Image : shutterstock

Image : shutterstock

An internet bot is basically a set of algorithms that are designed to perform automated tasks which require running scripts over the internet. These applications perform simple and repetitive tasks efficiently and quickly, with greater expertise than humanly possible. Bots are mostly utilised to do laborious and monotonous tasks, but can also be used in malicious criminal activities online. You can call them virtual robots, a counterpart of their physical versions without a mechanical body.

Use

Most bots are used for purposes such as web-spidering, which allows companies to probe lacs of files on internet. Major international conglomerates like Google, Facebook, and Twitter rely on internet bots for their regular functioning. A particular variety of bots called chatbot lets you communicate with an individual or company digitally, using messaging apps. They are used on various platforms such as Messenger and Slack, and are helpful in assisting customers in their needs. Another variety of bots are auction bots, which places multiple bids instantaneously, allowing the bidder to procure an item even at the last second.

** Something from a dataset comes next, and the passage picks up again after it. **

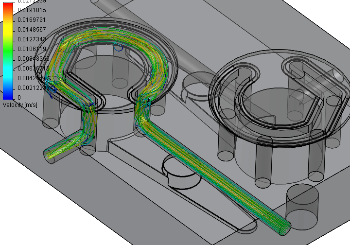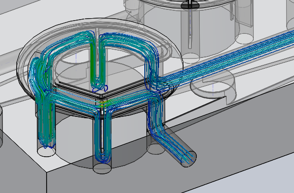 Bu tür derin çekirdek soğutmalarda çekirdek etrafına derinliğine yakın belli bir mesafeye kadar delikler açılır. Deliklerden birine plakanın yanından giriş başka bir değileğede çıkış içini yandan delik delinir. Deliker arasında su geçişini sağlamak için üst kısımdan belli bir miktar frezede işlenmesi gerekmektedir.Fakat Resim 12 deki simülasyonda görüldüğü üzere suyun deliklere girmeden bu açılan kısımdan gittiği görülmektedir

Internet bots are also used by hackers to perform a range on illegal activities, such as DDoS (Denial of Service Attacks), spamming and phishing attacks, artificially increasing traffic on websites and installing malware.

History of bots

The history of bots dates back to the dawn of internet age. Bots today are nothing but more sophisticated versions of early network systems which comprised of sending and receiving short messages to computers. The earliest version of internet bots can be traced back to year 1988, the year of emergence of IRC (Internet Relay Chat). The early IRC bots performed only one specific function – providing automated services to users to prevent the server from closing down due to inactivity. These bots were a direct result of the Turing Test (also called Imitation Game) of the 1950s, which led to a series of events necessary for developing AI as we know it today.

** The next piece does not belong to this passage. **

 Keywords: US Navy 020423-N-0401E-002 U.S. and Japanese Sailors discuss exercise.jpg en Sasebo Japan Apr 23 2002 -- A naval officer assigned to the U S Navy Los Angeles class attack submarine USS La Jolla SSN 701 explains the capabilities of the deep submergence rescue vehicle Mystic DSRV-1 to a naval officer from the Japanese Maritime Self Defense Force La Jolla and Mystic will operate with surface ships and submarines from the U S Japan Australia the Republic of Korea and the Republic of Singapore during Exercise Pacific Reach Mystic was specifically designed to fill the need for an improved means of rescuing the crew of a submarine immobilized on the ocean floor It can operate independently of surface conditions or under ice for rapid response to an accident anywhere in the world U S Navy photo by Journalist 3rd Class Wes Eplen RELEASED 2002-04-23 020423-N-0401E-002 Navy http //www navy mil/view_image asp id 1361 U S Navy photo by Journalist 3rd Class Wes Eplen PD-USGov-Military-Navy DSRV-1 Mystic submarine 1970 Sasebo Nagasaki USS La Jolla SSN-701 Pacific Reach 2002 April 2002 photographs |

In 1960s, AI took a giant leap forward with the development of ELIZA, a bot developed by Joseph Weizenbaum whose primary purpose was to simulate a psychotherapist. However, like with the Turing Test, limited database was a problem, as ELIZA’s vocabulary was constricted. Other bots in the early history of their development include web crawlers used in indexing web pages for search engines like AOL, in 1994, and Excite, in 1997. Googlebot, one of the most famous web crawlers developed in 1996.

In 1999, botnet programs like Sub7 and Pretty Park were used to secretly listen to malicious commands on IRC network and were the ancestors to the present-day Trojans and Worms. Later, bots became more proficient and were used to perform DDoS attacks, an early example being the GTBot botnet program on IRC network in 2000. In the course of time, Botnets transferred from IRC to HTTP and SSL.

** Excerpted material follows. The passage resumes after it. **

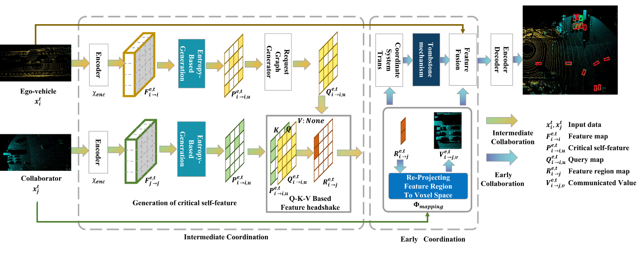 安全性是自动驾驶技术要解决的首要核心问题,得到了学术界和产业界的广泛关注。单个自动驾驶车辆的环境感知,目前受限于遮挡、感知范围有限等问题,还不能满足实际应用要求。多车协同和车路协同感知,使得自动驾驶车辆能够克服上述问题,并提高环境感知能力,但过多的通信开销和感知模型差异会阻碍高效协同。为此,本文提出了一种基于熵理论和特征重投影的协同感知方法(CoEF)。首先,车车通信和车路通信只传递通过熵理论生成的关键区域需求,并在自我车辆和合作者间建立了特征通信映射。其次,提出了一个通用的模型适应性框架,其中每个智能体的特征仅用于通信握手,关键区域被重新投影到体素空间中,以提取关键区域的通信内容。此外,设计墓碑机制来缓存通信内容,以应对通信中断情形,确保可靠性。实验结果表明,相较于典型的V2X-ViT方法, 本文CoEF方法使得通信量降低了63.6%,环境感知精度提升了18.19%,实现了通信带宽和感知精度之间的最优平衡。本文提出的CoEF方法,有助于增强自动驾驶车辆环境感知的精确性和可靠性,提高自动驾驶车辆的安全性。

Today, the traffic generated by bots comprise roughly half of the total internet traffic, and is crucial in making the internet as powerful and efficient as it is. Chatterbots are necessary for the operation of chat rooms across major websites around the world, and are becoming clever day by day.

It is no doubt that bots are the key to the future of internet. Like every coin, they have both positive and negative sides. But as long as the positives outweighs the negatives, we must make full use of them in making the internet more connected and useful.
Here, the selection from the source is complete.